Sketch by Oleh Kovalchuk
Article by: Bohdan Martsyniak Voloshyn
Source: VHolos
Translated by: Christine Chraibi

Once upon a time there was a young girl called Ukraine. She was young, beautiful and had a magnificent dowry – bountiful fields, wide rivers, and stately mountains. So, she was courted and romanced by many.

But, the most persistent and obnoxious suitor was her neighbour, Vanya, who loved to drink and annoy her. When inebriated, Vanya adored tugging Ukraine’s thick braids and grabbing her flower wreath. One day, he broke into Ukraine’s home completely pissed, put his feet on the table, took out his balalaika, and shouted loudly:

“I’m moving in! After all, we’re part of the same family; we’re of the same blood.”

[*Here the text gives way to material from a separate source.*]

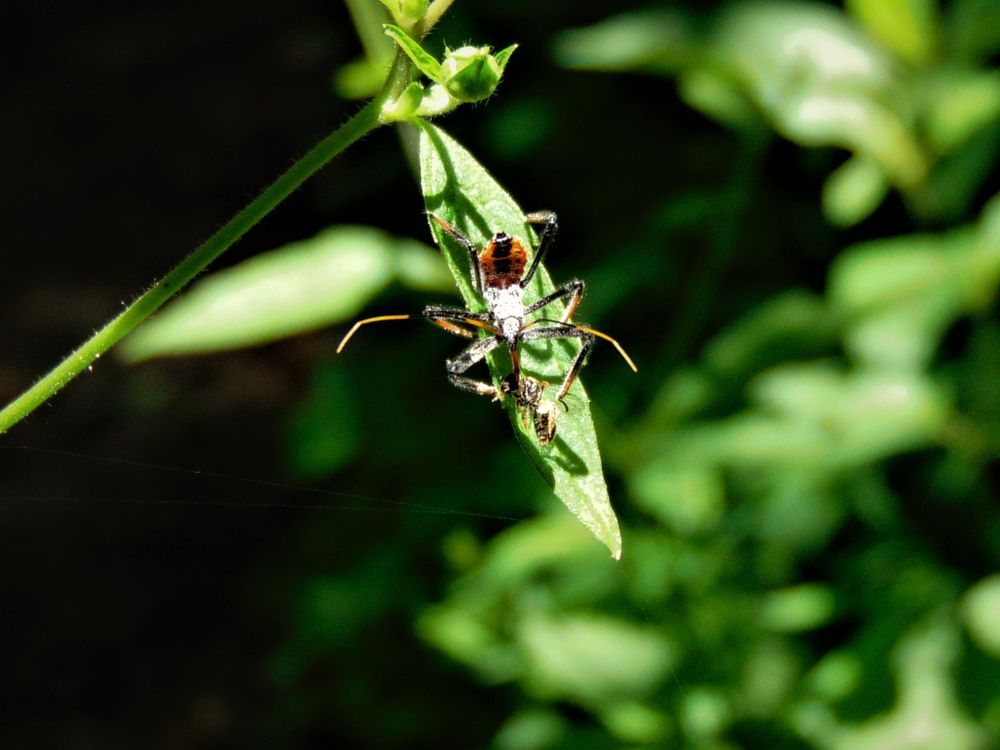 This photo was taken with my Sony Cyber Shot DSC H-300 camera. This photo is of a Assassin Bug - Microtomus purcis on our forestry property in Palmyra Tennessee. The photo was taken around 11:10, just before noon, the sun was up and pretty bright. I had to mildly adjust clarity and add a sunscreen filter from my computer to enhance the subjects within this photograph. This photograph is of the assassin bug catching its prey. There is a previous photo of the same subjects without edits, the assassin bug is feeding on the bee in that one.

No one came to Ukraine’s rescue, so Vanya settled in comfortably and lived off Ukraine’s generosity and wealth.  If he needed something, Vanya would take things from Ukraine’s home and sell them. But, he always needed more and more because he didn’t like to work. No matter how hard he tried, he somehow always ruined or damaged whatever he did. So, Vanya did what he knew best – play the balalaika, drink vodka, and eat borshch with salo.

One winter day, Ukraine could no longer put up with this so-called “relative” and threw him out of her house. The next day, she woke up to see several gentlemen waving at her. But, they were all standing behind the European fence. They were all so rich and polite and clean-looking, winking at her, joking with her… actually pulling the wool over her eyes, but she didn’t realize it yet.

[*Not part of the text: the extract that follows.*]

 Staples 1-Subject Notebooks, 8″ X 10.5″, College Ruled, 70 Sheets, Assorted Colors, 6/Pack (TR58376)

When Vanya saw that no one wanted to cook his borshch or pour him a glass of vodka, he went on a rampage, broke into the girl’s house again, settled in her room and told everyone it belonged to him. He even held a referendum among his friends to make everyone believe that he was right, proclaiming that he’d always lived here. When Ukraine revolted against tyrannical and despotic Vanya, he began torturing and killing members of her family, lying to others and denying everything before the European neighbours.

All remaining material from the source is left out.